§ Supplied data
_ _ _ _

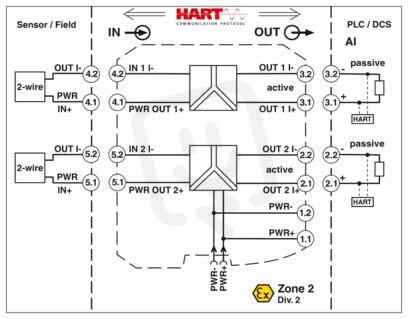 2kanálový oddělovací zesilovač napájení pro provoz 2vodičových měřicích převodníků, vstup: 4–20 mA (napájecí), výstup: 4–20 mA (aktivní), obousměrný přenos digitálních komunikačních signálů HART, s přípojkou push-in, SIL, PL.
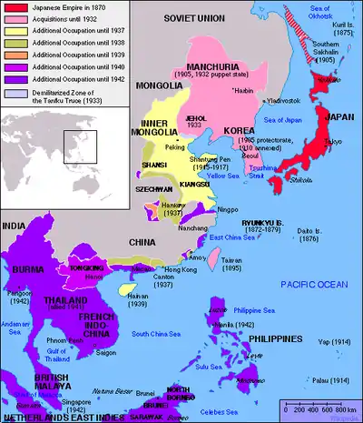 ۱۹۴۰ منطقه نفوذ ژاپن: دسامبر شمال چین مانچوکوئو (منچوری سابق)، ژوئیه هندوچین فرانسه (شامل کشورهای ویتنام، کامبوج، لائوس و بخشی از چین کنونی)
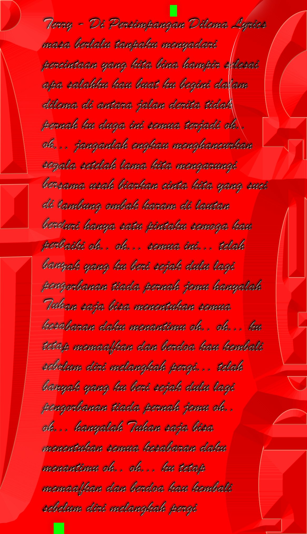 Lirik lagu di persimpangan dilema yang dinyanyikan terry.
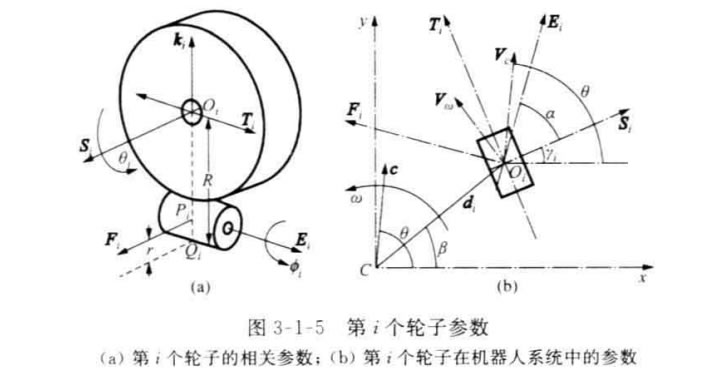 具有傳統(tǒng)車輪的機器人只能有兩個自由度的運動,所以在運動學(xué)上,它等價于 傳統(tǒng)的陸上車輛。然而,具有全方位輪的機器人有3個自由度運動的能力,即沿著 平面上x 軸、y 軸以及繞自身中心旋轉(zhuǎn)的運動能力,這充分增加了機器人的機動 性。本節(jié)將給出這種全方位移動機器人的運動學(xué)模型。

_ _ _ _

§ Problem statement
Return all the material exactly, skipping pictures.

§ Exercise answer
 2kanálový oddělovací zesilovač napájení pro provoz 2vodičových měřicích převodníků, vstup: 4–20 mA (napájecí), výstup: 4–20 mA (aktivní), obousměrný přenos digitálních komunikačních signálů HART, s přípojkou push-in, SIL, PL.
 ۱۹۴۰ منطقه نفوذ ژاپن: دسامبر شمال چین مانچوکوئو (منچوری سابق)، ژوئیه هندوچین فرانسه (شامل کشورهای ویتنام، کامبوج، لائوس و بخشی از چین کنونی)
 Lirik lagu di persimpangan dilema yang dinyanyikan terry.
 具有傳統(tǒng)車輪的機器人只能有兩個自由度的運動,所以在運動學(xué)上,它等價于 傳統(tǒng)的陸上車輛。然而,具有全方位輪的機器人有3個自由度運動的能力,即沿著 平面上x 軸、y 軸以及繞自身中心旋轉(zhuǎn)的運動能力,這充分增加了機器人的機動 性。本節(jié)將給出這種全方位移動機器人的運動學(xué)模型。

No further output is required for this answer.